The hermit smiled, and said, ‘Hold your hands, good sirs, for a single moment, and use your remaining strength to exchange places and look at the opposite side of the shield.’

They obeyed his words, and found to their confusion that they had been fighting in a quarrel in which each was right and each wrong.

‘Father,’ they said, ‘we are fools. Grant us thy pardon for our folly and absolution for our sin.’

‘Absolution,’ said the hermit, ‘is soon granted for faults which arise from the innate tendency of poor human nature. Wiser and older men than you are prone to see only their own side of a question. Come, then, with me to my humble hermitage; there will I dress your wounds and offer you my frugal fare; happy if from this lesson you may learn for the rest of your lives, before indulging in vehement assertions and proceeding to violent extremities, to “look at the other side of the shield.”’

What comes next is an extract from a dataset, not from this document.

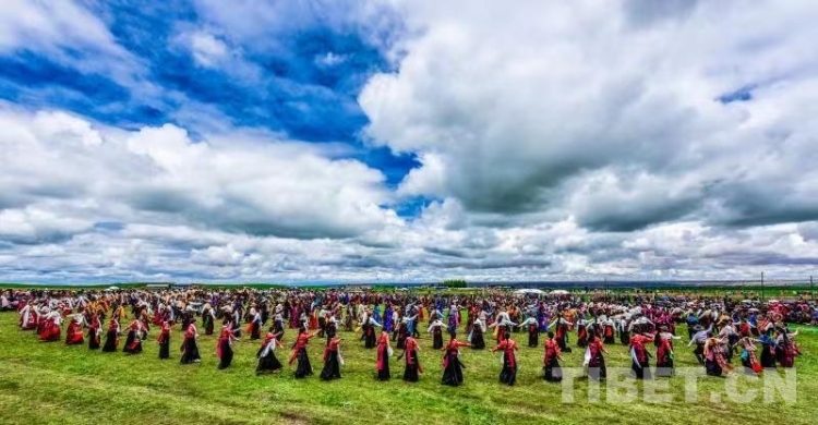 圖為青海省海南藏族自治州群眾在美麗的草原上載歌載舞

The application of this fable to the polarity of politics will be obvious to every intelligent reader. As the earth is kept in its orbit by the due balance of centripetal and centrifugal forces, so is every civilised society held together by the opposite influences of conservative and progressive tendencies. The conservative tendency may be likened to the centripetal force which binds the mass together, while the progressive one resembles that centrifugal force which prevents it from being concentrated in a rigid and inert central body without life or motion. As Herbert Spencer truly says, ‘from antagonistic social tendencies there always results not a medium state, but a rhythm between opposite states. Now the one greatly preponderates, and presently, by reaction, there comes a preponderance of the other.’ So it is with the antagonism of conservative and liberal tendencies. In the societies of the ancient world, and to the present day in the East, the conservative tendency unduly preponderates, and they crystallise into inert masses in the form of despotisms, and of sacerdotal or administrative hierarchies. At times the pent-up forces which make for change accumulate, and, as in the French Revolution, explode with destructive violence, shattering the old and bringing in new eras. But unless the balance between liberty and order is tolerably preserved in the individual citizens whose aggregate forms the society, after a period more or less prolonged of violent oscillations they crystallise anew into fresh forms, in which another military dynasty, or it may be administrative centralisation under the name of a republic, again asserts the preponderance of the centripetal force.

The happiest nations are those in which the individual character of individual citizens supplies the requisite balance. An ideal society is one in which every citizen is at the same time liberal and conservative; law-abiding, and yet with a strong instinct for liberty of thought and action, for progress and for individual independence. It is among the Teutonic races, especially when they are placed in favourable conditions as in new countries, or in old countries where for ages

Freedom has widened slowly down,

From precedent to precedent,

that this happy ideal is most nearly realised. Hence it is that these races are more and more coming to the front and surviving in the struggle for existence.